I never knew the amount of voices that
Surrounded her when she despaired at the kitchen
Table. I thought I had known her inside out.
As she held me against her chest.
I could never feel the sound of war drums.
She stared at the details of the house she lived in.
Trying to escape, make the first step, in her mind.
Her moments of timed joy landed on the kitchen counter,
And like dirt and dust they were wiped away, absorbed
By a dead material. As if nothing mattered.
I could never see things from her perspective.
The way she repeated every single day and hoped
That it would suddenly change. She ascribed no
Power whatsoever to herself. She had been stripped
Of everything that she was. And she did her best.

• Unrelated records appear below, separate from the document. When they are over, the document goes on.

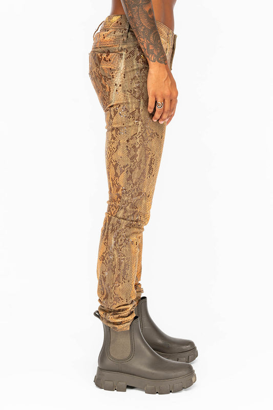 MID RISE WOMENS SKINNY JEANS WITH COBRA COATING
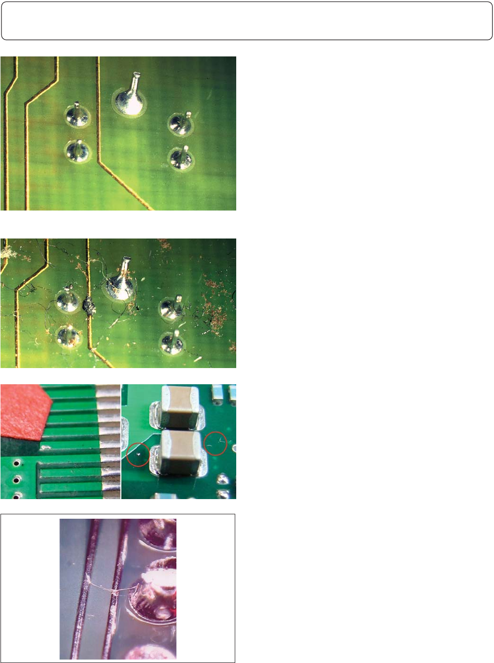 ⽬标 - 1,2,3级 • 无 可 见 残 留 物 。 缺 陷 - 1,2,3级 • PCB 表面有 白色残 留 物 。 • 焊 接 端 子上 或 周 围 有 白色残 留 物 。 • 金属 表面有 白色 结 晶 物 。 注 : 只 要所用 化学 成 分 产生的 残 留 物 已 经 通 过 鉴 定 并有文件 记 录 其 特 性 是 良 性 的, 来 自 于 免洗 或 其 他工 艺 的 白色残 留 物 是 可接受的, 见 10.6.4 节 …
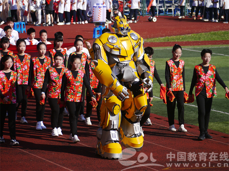 各班级方阵则紧扣“科技赋能运动,共筑强国梦想”这一主题,为现场观众呈现出一幅幅令人惊叹的创意画卷。其中,智能机器人方阵踏着未来节拍翩然起舞,航天模型方阵托起璀璨星河,机械装置方阵则奏响创新强音。学子们以巧思匠心将科技元素与体育精神深度融合,淋漓尽致地展现了清河人“胸怀科技梦想,恪守体育初心”的开创精神。
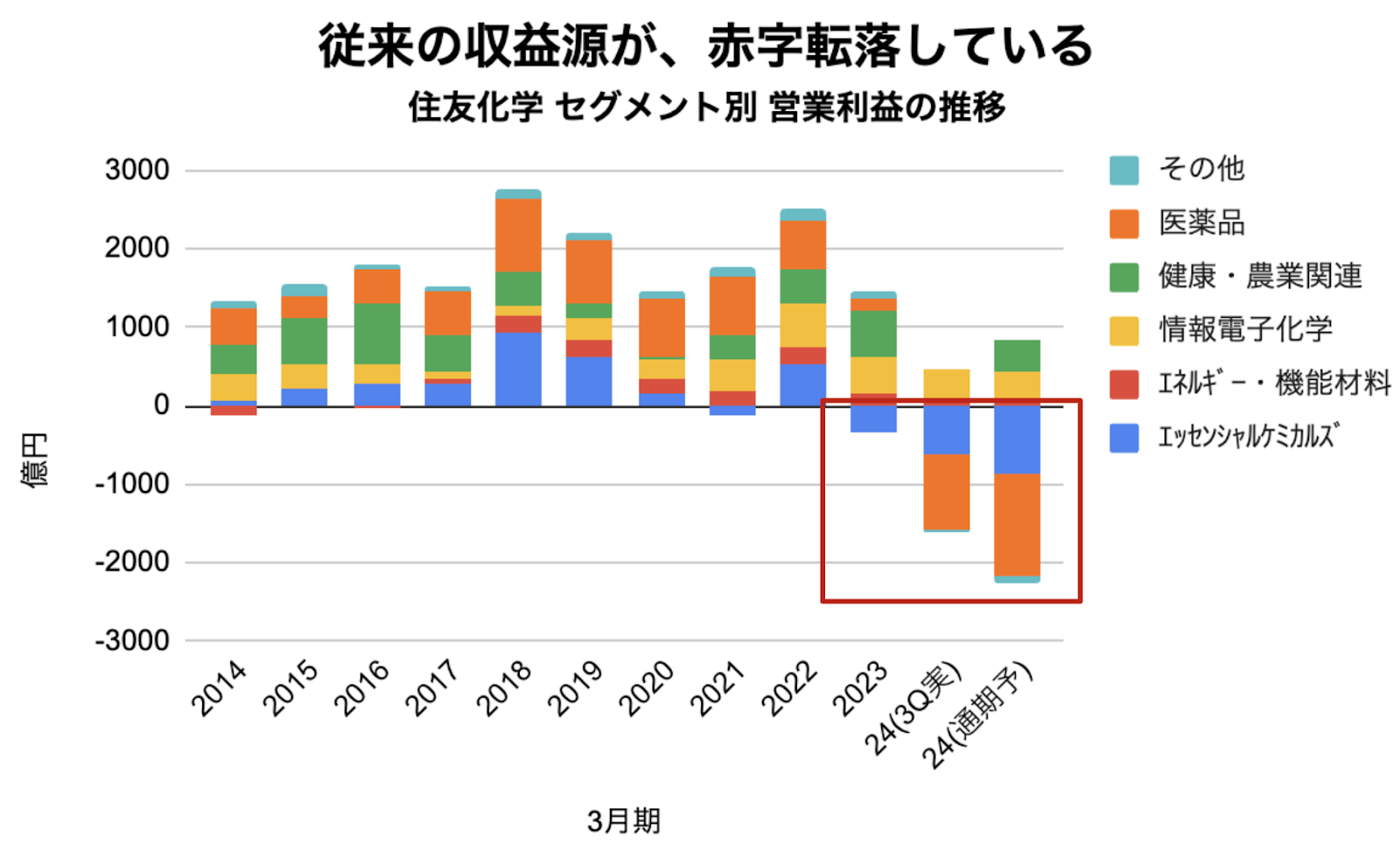 これをセグメントごとの利益推移に分けると、2015年から2022年にかけて好調だった医薬品セグメントや、エッセンシャルケミカルズセグメントが大きく足を引っ張っていることが分かります。そして、この2つが下方修正をもたらした最大の理由です。
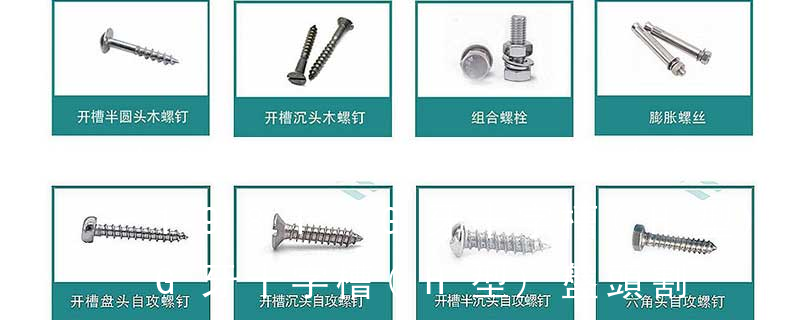 主要分類包括普通螺絲、機螺絲、自攻螺絲和膨脹螺絲三種。 有頭螺釘Cap screw 過去限于全牙的扣件。 六角頭螺釘Hex cap screw與大六角螺栓Hex bolt 顧名思義為頭部為六角型的外螺紋扣件,設計為使用扳手轉動。依照ASME B18.2.1標準,六
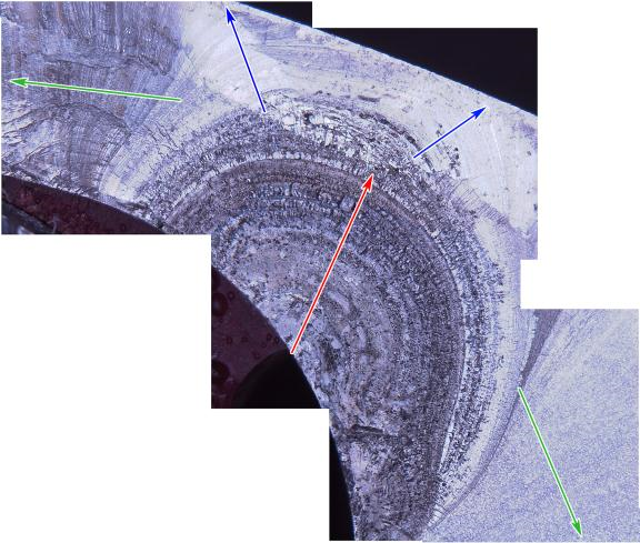 Eventually, the crack propagation direction changed so that one portion of the crack started to advance towards the leading edge, and the other portion, to the trailing edge of the blade (see green arrows in Photo 4). The general direction of the crack propagation at this stage was consistent with cyclic, predominantly in-plane bending of the blade (high-frequency loading. The crack growth became unstable and it accelerated, eventually leading to blade separation. It was impossible to accurately determine the number of cycles required for the initial fatigue area (red arrow) to grow to its observed size because striations in this region had been obliterated by rubbing and corrosion damage.

I had the impression that things were okay, even though
They weren’t. He made sure of that. She had been a woman
Who had already survived the most substantial of wounds
And yet, in his arms, against his lips, his demanding sex, the
Feigned intimacy of his breath, she became a girl again.

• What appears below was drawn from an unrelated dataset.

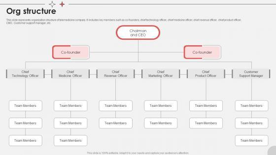 This slide represents organization structure of telemedicine company. It includes key members such as co-founders, chief technology officer, chief medicine officer, chief revenue officer, chief product officer, CMO, Customer support manager, etc. Crafting an eye-catching presentation has never been more straightforward. Let your presentation shine with this tasteful yet straightforward Org Structure Virtual Medical Consultancy Investor Funding Elevator Pitch Deck template. It offers a minimalistic and classy look that is great for making a statement. The colors have been employed intelligently to add a bit of playfulness while still remaining professional. Construct the ideal Org Structure Virtual Medical Consultancy Investor Funding Elevator Pitch Deck that effortlessly grabs the attention of your audience Begin now and be certain to wow your customers This slide represents organization structure of telemedicine company. It includes key members such as co-founders, chief technology officer, chief medicine officer, chief revenue officer, chief product officer, CMO, Customer support manager, etc.
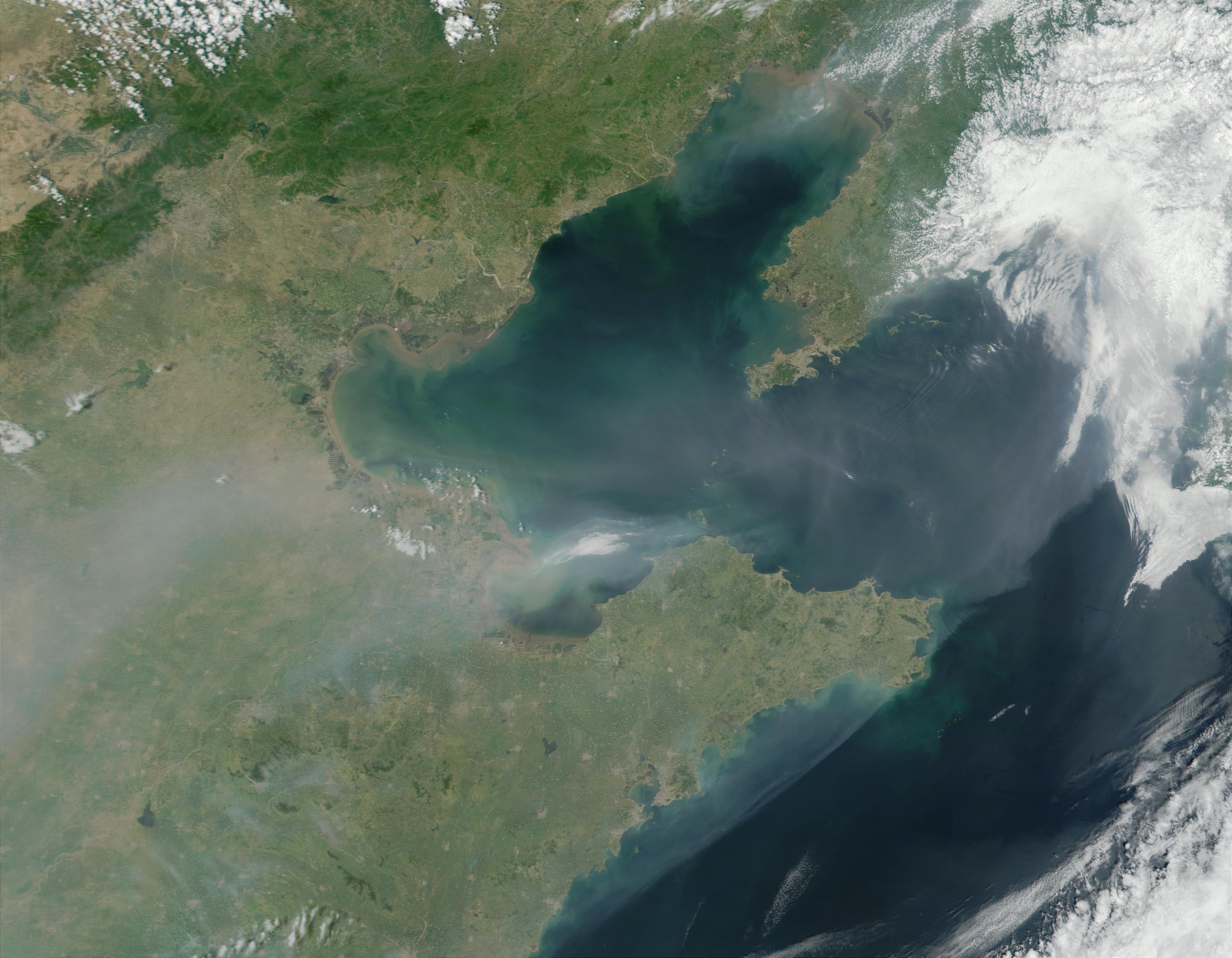 There appears to be a phytoplankton bloom (greenish pixels) off the northern shore of Bo Hai Bay. The brownish pixels in the northeastern corner of the bay, and all along the western shore, are sediment run-off from the land.

His touch made her crumble, the old pattern of men
That she knew too well, unwelcome, uninvited, domineering.
She had never been taught the language of asserting herself.
Every muscle and bone had been softened at someone else’s
Will, someone who profits from submissive bodies that got
Robbed of their sense of self and will.
Always framed by shut windows, the cold coffee reminiscent
Of a still life that never ends, the broken carousel of faded colours,
The fantasies she dove into to keep herself alive, in a different moment,
Never in the present, never reclaiming the power of that precise instant,
Looking at me, looking at him, her, him, her, thinking how am I going to do this?